[MXNET-614] Adding Synchronized Batch Normalization #11502

zhanghang1989 · 2018-06-29T23:43:38Z

Description

Adding Synchronized Batch Normalization
Thanks @eric-haibin-lin for great help!

Checklist

Essentials

Please feel free to remove inapplicable items for your PR.

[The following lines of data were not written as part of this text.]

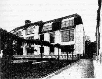 X. ван де Вельде. Здание художественной школы в Веймаре. 1904-1911; с 1919 по 1923 год в этом здании размещался Баухауз В. Гропиуса В 1900-1902 годы ван де Вельде выполнил проект внутренней планировки и отделки интерьеров Фолькванг-музея в Хагене, ставший типичным образцом искусства модерна. После окончания этой работы последовало его приглашение в качестве советника по делам искусств при дворе Великого герцога в Веймар, где он открыл Высшую школу прикладных искусств, которой руководил вплоть до своего отъезда в 1917 году в Швейцарию. По его проекту было построено новое здание школы, в котором позднее расположится Веймарский Баухауз. Постройка отличалась от того, что он делал ранее. Это - прямоугольное в плане сооружение, его боковые стены прорезаны широкими вертикальными рядами окон, заканчивающимися на крыше фонарями мастерских. В отделке здания ван де Вельде сделал попытку освободиться от излишнего декора, орнамента и причудливых волнообразных линий, отличавших его прежний стиль. В целом период работы ван де Вельде в Германии оказался временем наивысшего расцвета его творчества. Он сумел проявить себя в разных ипостасях: опытным архитектором, талантливым педагогом, блестящим теоретиком искусства. Особую известность получила речь ван де Вельде в 1914 году в Кельне на открытии выставки немецкого «Веркбунда». Текст этого выступления и по сей день остается одним из важнейших программных документов того времени. Подводя итоги развития стиля модерн, и отвечая своим оппонентам, сторонникам типизации и стандартизации в архитектуре, ван де Вельде заявил: «До тех пор художники Веркбунда будут иметь влияние, пока будут протестовать против любого предлагаемого им канона и любой типизации. Каждый художник - пламенный индивидуалист, свободный, независимый творец. Добровольно он никогда не подчинится дисциплине, которая навязывает ему какой-либо тип или канон»54. Эти слова ван де Вельде свидетельствуют о том, что уже тогда он сумел предвидеть важный конфликт, прошедший и через всю историю Баухауза -конфликт между свободным творческим самовыражением, с одной стороны, и поиском формального языка, продиктованного потребностями массовой продукции, с другой. В пределах нашего краткого обзора духовных и социально-исторических линий развития, перекрещивающихся в Баухаузе, необходимо обратиться к истории создания Дармштадской колонии художников, которая явилась определенной вехой на пути к созданию Баухауза. Художественная колония на Матильденхое была образована в 1898-1899 годы по инициативе известного мецената и коллекционера произведений искусства, немецкого герцога Эрнста Людвига фон Хессена, пригласившего в Дармштадт с целью возрождения художественных ремесел семь художников во главе с Й. Ольбрихом и П. Беренсом. Герцог выделил мастерам землю, предложив застроить ее, что было сделано не только из меценатских побуждений, но и для того, чтобы художники смогли подействовать наглядно, а также непосредственно педагогически»55. Австрийский архитектор Йозеф Мария Ольбрих (1867-1908) был одним из первых художников, приглашенных герцогом для предстоящей работы в Дармштадте. Он получил образование в государственной промышленной школе, в Венской академии художеств, а затем в специальной архитектурной школе К. фон Хазенауэра и О. Вагнера. После окончания 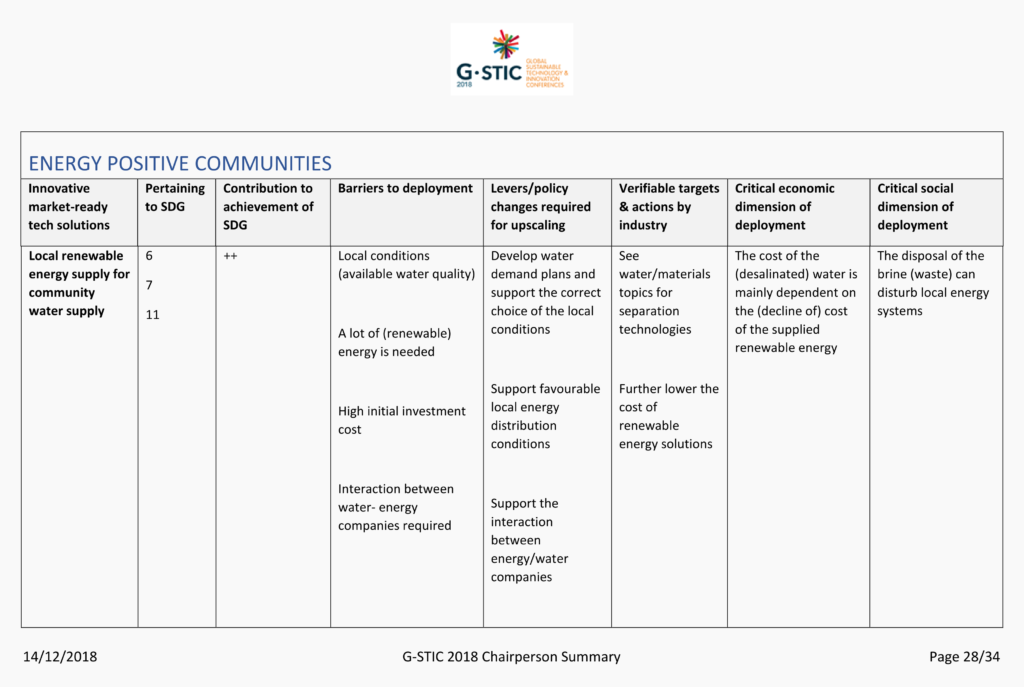 The first G-STIC event in 2017 called for the United Nations to embrace desalination to advance sustainable development goal 6. The next year, the 2018 conference in New York showcased market-ready and scalable solutions to world leaders that can be applied in their own countries to significantly contribute to the Sustainable Development Goals. G-STIC proclaimed that desalination is a viable solution while identifying the social, economic, and environmental challenges of implementing market-ready desalination for “community water supply.”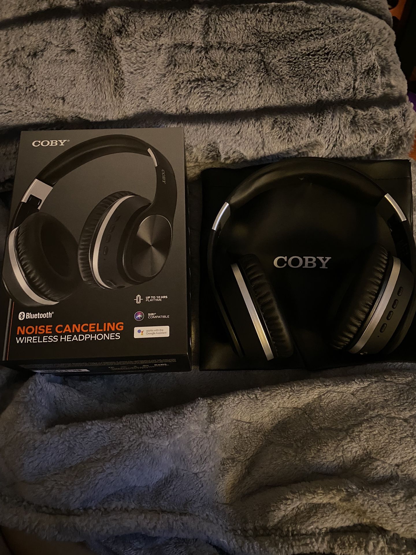 Coby Noise Canceling Bluetooth Headphones With charger and box like new works great

The PR title starts with [MXNET-$JIRA_ID], where $JIRA_ID refers to the relevant JIRA issue created (except PRs with tiny changes)
Changes are complete (i.e. I finished coding on this PR)
All changes have test coverage:
Unit tests are added for small changes to verify correctness (e.g. adding a new operator)
Nightly tests are added for complicated/long-running ones (e.g. changing distributed kvstore)
Build tests will be added for build configuration changes (e.g. adding a new build option with NCCL)
Code is well-documented:
For user-facing API changes, API doc string has been updated.
For new C++ functions in header files, their functionalities and arguments are documented.
For new examples, README.md is added to explain the what the example does, the source of the dataset, expected performance on test set and reference to the original paper if applicable
Check the API doc at http://mxnet-ci-doc.s3-accelerate.dualstack.amazonaws.com/PR-$PR_ID/$BUILD_ID/index.html
To the my best knowledge, examples are either not affected by this change, or have been fixed to be compatible with this change

Changes

Feature1, tests, (and when applicable, API doc)
Feature2, tests, (and when applicable, API doc)

Comments

If this change is a backward incompatible change, why must this change be made.
Interesting edge cases to note here

zhanghang1989 · 2018-06-30T21:29:57Z

Help Wanted for passing the CI Test!!

zhreshold · 2018-07-02T17:36:04Z

python/mxnet/gluon/contrib/nn/basic_layers.py

+                        'ndev': num_devices, 'key': self.prefix}
+
+    def _get_num_devices(self):
+        # Caution: if not using all the GPUs, please mannually set num_devices


add the warning to docstring rather than showing a comment here

zhreshold · 2018-07-02T17:36:33Z

src/operator/contrib/sync_batch_norm-inl.h

+#include <dmlc/logging.h>
+#include <dmlc/parameter.h>
+#include <mxnet/operator.h>
+# include <condition_variable>


space between # and include?

zhreshold · 2018-07-02T17:38:16Z

src/operator/contrib/sync_batch_norm-inl.h

+template<class T>
+class SharedND {
+ private:
+  int nDev;


convention for variables is xxx_ for private members

and camel for functions, which is correct right now

zhreshold · 2018-07-02T17:44:49Z

src/operator/contrib/sync_batch_norm-inl.h

+    std::lock_guard<std::mutex> lock(mutex_);
+    auto it = registry_.find(key);
+    if (it != registry_.end()) return it->second;
+    T *newT = new T(ndev);


memory is not released pointed by these raw pointers

addressed in the class deconstruction function :)
https://github.com/zhanghang1989/incubator-mxnet/blob/cc60d11f44e37e954a627c8db43bd1b6fc45e68d/src/operator/contrib/sync_batch_norm-inl.h#L160-L164

This reverts commit 24543c9.

zhanghang1989 · 2018-07-10T21:13:14Z

Thanks @RogerChern ! The comments in deconstruction function is really helpful.

zhanghang1989 · 2018-07-11T18:35:50Z

Finally pass the CI Test. Please take a look and let me know if you have further comments. @zhreshold @eric-haibin-lin @zhreshold @piiswrong . Thanks!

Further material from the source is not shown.